1985 Tyne Bridge by-election
| 5 Dec 1985 |

Constituency of Tyne Bridge
- Turnout: 38.1% (▼23.4%)
|  | First party | Second party | Third party |
|  |  | SDP | Con |
| Candidate | David Clelland | Rod Kenyon | Jacqui Lait |
| Party | Labour | SDP | Conservative |
| Popular vote | 13,517 | 6,942 | 2,588 |
| Percentage | 57.8% | 29.7% | 11.1% |
| Swing | 1.3% | +11.4% | −14.1% |
| MP before election Harry Lowe Cowans Labour | Subsequent MP David Clelland Labour |

= 1985 Tyne Bridge by-election =

UK parliamentary by-election

The 1985 Tyne Bridge by-election was a parliamentary by-election held on 5 December 1985 for the British House of Commons constituency of Tyne Bridge.

== Previous MP ==
The seat fell vacant when the constituency's Labour Member of Parliament (MP), Harry Lowes Cowans (19 December 1932 – 3 October 1985) died.

Cowans was elected MP for Newcastle-upon-Tyne Central at a 1976 by-election. After boundary changes, he was elected for Tyne Bridge in the 1983 general election.

== Candidates ==
Six candidates were nominated. The list below is set out in descending order of the number of votes received at the by-election.

1. Representing the Labour Party was David Gordon Clelland (born 27 June 1943), who was 42 years old at the time of the by-election. He was a member of the Engineering Union, who had worked on the shop floor for 22 years before being made redundant.

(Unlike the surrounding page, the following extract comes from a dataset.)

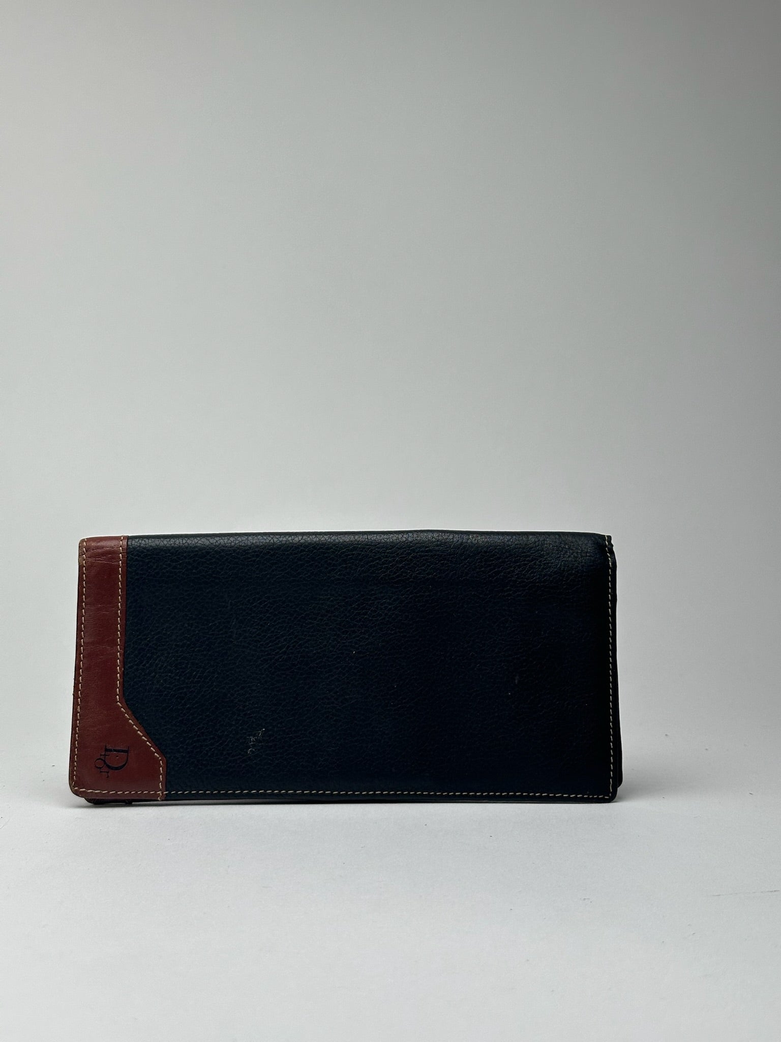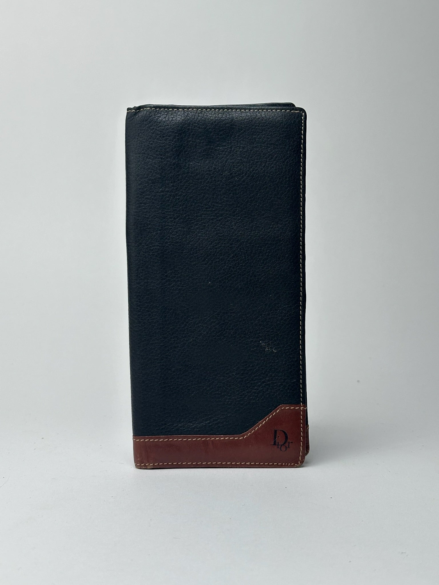 DIOR vintage card holder. This sleek cardholder is finely crafted of black leather with contrasting brown leather accents. The front features an embossed Dior logo, adding a subtle signature touch. The interior includes a transparent PVC ID slot and multiple compartments, all lined in black leather.
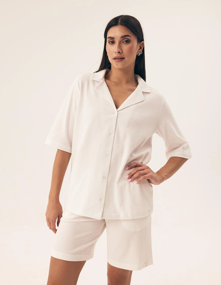 Ob für ruhige Abende zu Hause oder für gemütliche Morgen, wenn wir uns wohlfühlen und stylisch aussehen möchten, der Pyjama ist die perfekte Lösung. Das stilvolle Design zeichnet sich durch einen minimalistischen Schnitt in ecru aus, der einen Hauch von Eleganz in die Alltagskleidung bringt.

He was secretary of a local government association and was leader of Gateshead Council at the time of the by-election. Clelland was the Member of Parliament for Tyne Bridge until 2010.
2. The Social Democratic Party (SDP) candidate, representing the SDP-Liberal Alliance, was Rod Kenyon. He was a Personnel Manager for Northern Gas and was aged 40 at the time of the by-election. He had contested the seat of Houghton and Washington in the 1983 general election.
3. The Conservative candidate was Mrs. Jacqueline Anne "Jacqui" Lait (born on 16 December 1947), a then 37-year-old with a Westminster and European Parliamentary Consultancy. Since 1985 Mrs. Lait has served in the House of Commons, first representing Hastings and Rye from 1992 until she was defeated in the 1997 general election. She was then returned, at a by-election later in 1997, as MP for Beckenham, which she represented until 2010.
4. John Connell was an Independent, using the ballot paper label "Peace Candidate".
5. George Weiss (born 1940) was another Independent candidate, using the ballot paper label "Captain Rainbow Universal Party (Abolish Parliament)".
6. Peter Reid Smith was nominated with the description "New National". During the campaign he admitted that he had forged the signatures of the ten electors needed on his nomination papers; he was subsequently charged with forgery.

== Result ==

1985 by-election: Tyne Bridge
| Party |  | Candidate | Votes | % | ±% |
|---|---|---|---|---|---|
|  | Labour | David Clelland | 13,517 | 57.8 | +1.3 |
|  | SDP | Rod Kenyon | 6,942 | 29.7 | +11.4 ^{a} |
|  | Conservative | Jacqui Lait | 2,588 | 11.1 | −14.1 |
|  | Independent | John Connell | 250 | 1.1 | New |
|  | Independent | George Weiss | 38 | 0.2 | New |
|  | Independent | Peter Smith | 32 | 0.1 | New |
| Majority |  |  | 6,575 | 28.1 | −3.2 |
| Turnout |  |  | 23,367 | 38.1 | −23.4 |
|  | Labour hold |  | Swing |  |  |
| Registered electors |  |  | 61,400 |  |  |

Note:
- ^{a} Change from the Liberal candidate who represented the SDP-Liberal Alliance in the 1983 general election.

==See also==
- Tyne Bridge constituency
- List of United Kingdom by-elections
- United Kingdom by-election records

==Sources==
- Britain Votes/Europe Votes By-Election Supplement 1983-, compiled and edited by F.W.S. Craig (Parliamentary Research Services 1985)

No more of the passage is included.